We live in a world of technology dichotomy; while many are grappling with Digital transformation and legacy systems, others have forged ahead with AI and ML to see remarkable progress.
A lot has changed in one year; AI has slowly turned from a costly and complex option to a necessity. Here is why:
- It is the only option for Accessible, Affordable, and Quality healthcare
- It can catalyze the shift from – physician-centric to more patient-centric care
- Shortage of care workers is a concerning issue
- Medical Error reduction and efficiency
According to McKinsey, AI and automation technologies can add value to nursing activities by 10% by 2030, while Accenture estimates that AI will engage with 20% of unmet demand by 2026. The estimates may vary, but AI is rising to be an integral part of the healthcare system.
Four Pillars of AI Applications in Healthcare
AI is adding value in many areas, but four areas remain the mainstay.
- Health Assistants and Personal Trainers
AI-based chatbots are being used as health assistants and personal trainers. Some of the use cases of chatbots in healthcare include scheduling doctor appointments, providing medication reminders, and identifying the condition based on symptoms. Start-ups like Babylon Health and
- Automated and Assisted Diagnosis & Treatment
AI-enabled chatbots are getting good at helping patients with self-diagnosis as well as in assisting doctors for the same based on symptoms and condition of the patient. Today, they function in an assistive capacity, but in the future, as acceptance grows, they will do more.
- Pregnancy Management
Monitor the progress and stay worry-free with early diagnosis.
- Real-time Patient Prioritization and Triage
Prescriptive analytics on patient data to enable accurate real-time case prioritization and triage.
- Personalized Medications and Care
AI uses patient data to identify the best treatment plans thereby lowering cost, improving cure effectiveness, and reducing time to recovery.
- Surgical Robots
Today, robotics has improved enough to assist surgeons, with rapid leaps in AI, their role would become increasingly integral to surgeries as they excel in repetitive and tedious tasks while helping surgeons increase the precision of surgery.
- Prescription Auditing
AI audit systems are getting good at lowering prescription errors.
- Clinical Trials
AI algorithms easily medical data and help in the identification of patients’ responses to treatments based on their characteristics, thereby, helping deliver personalized medicine and treatment at scale.
- Alternate Diagnosis
Not only digital, but microorganisms also evolve fast, and so is the research in the field. It is not possible to know every development and with the assistance of AI, physicians can get the benefit of an alternate diagnosis that can prevent error.

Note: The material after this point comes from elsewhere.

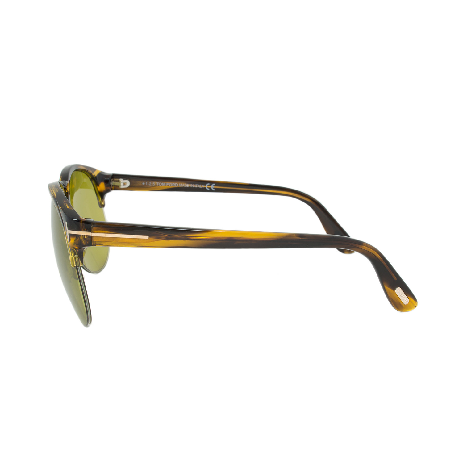 With this Trevor model, iconic designer Tom Ford introduces a men's sunglass design which is on the cutting edge of high style. The model TF472 41N showcases an aesthetically appealing green havana semi-rimmed double bridge oval frame. The trademark gold toned T branding overlapping the hinges and green lenses provide an air of distinction to this offering. Measuring 63-16-140mm, this item ships with its own case, lens cleaning cloth, and manufacturer's documentation.
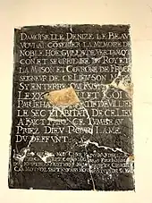 - La plaque commémorative en marbre noir scellée dans le mur méridional de la nef, mesurant 45 cm de haut et 33 cm de large, a été installée en 1601 par damoiselle Denise Le Beau, en mémoire de son mari[9]. Celui-ci, Guillaume de Verthamont, secrétaire du roi, avait racheté la seigneurie de Villaines en 1598[3]. Le 28 juillet 1601, il a été assassiné par Jehan Mignon, natif du village voisin de Villiers-le-Sec[4]. La plaque aurait été brisée par un habitant de ce village[réf. souhaitée]. Elle porte l'inscription suivante : « Damoizelle Denize Le Beau Voulant coserver la mémoire de Noble Homme Guillaume de Vertamont coner et secrétaire du Roy et la Maison et Couronne de France seigneur de ce Lieu Son Mari Sy enterré Qvi Fvst assassiné le xxviiie De Ivillet 1601 par Iehan Mignon Natif de Villier le Sec et abitant De ce Liev A Faict Faire Ce Tombeav Priez Diev Povr Lame Du Deffvnt. Lassassin qvi tva mon Cher Espovx Fidelle Le Perca de sept covps d'vng bras Fier Inhvmain d'vng mevrtre en Feist nevf Meschanceté Crvelle Car moy noz sept enfans Movrons tovs de sa Main »[9].

Medical Imaging and Diagnostic
- Error Free Diagnostic results
Be loose over millions of people every year due to misdiagnosis, and AI can help change that. Its accuracy in producing diagnosis results eliminates human error, thus saving lives and costs.
Intelligent Symptom Analysis
- Predictive and Early Diagnostics
Be it cancer, or tumor, or any other disease AI has incredible predictive power that analyzes the data t, o predict a condition at the earliest.
- Radiology Assistant
AI-enabled assistants produce the report of the scan with high accuracy.
- Diagnosis via Medical Imaging
Skin cancer, oxygen level, and many other conditions are now diagnosed by AI-powered medical imaging. The speed of results and their accuracy both are game-changing advancements.
Research and Development
- Data Mining
AI is currently being deployed in the data mining of medical records. Cognitive technologies are helping healthcare organizations leverage vast data trove to power diagnosis.
- Drug Discovery
AI-startups such as Helix respond to verbal questions and requests and help in augmenting efficiency, better lab safety, manage inventory while staying updated on recent research.
- Drug Design
AI is now powering and automating drug design and compound selection by predicting protein characteristics which enable researchers to simplify protein design, streamline production issues, and discover new protein features.
- Pandemic Detection
Applications such as BlueDot provide early warning systems for identifying pandemics by scanning hundreds and thousands of media sources worldwide in all the languages daily to foretell outbreaks in real-time.
- Genetic Engineering
AI helps companies produce better genetic material and identify the disease and its treatment.
Taking the Digital Leap with AI
AI is a rapidly evolving need for medical institutions. Yes, regulations, cybersecurity, and Privacy issues loom large, but it is the matter of addressing them and not of questioning the suitability of AI.
The playing field in AI is getting even by day and calls for companies of all shapes and sizes to accept AI and take its help in serving the patients better.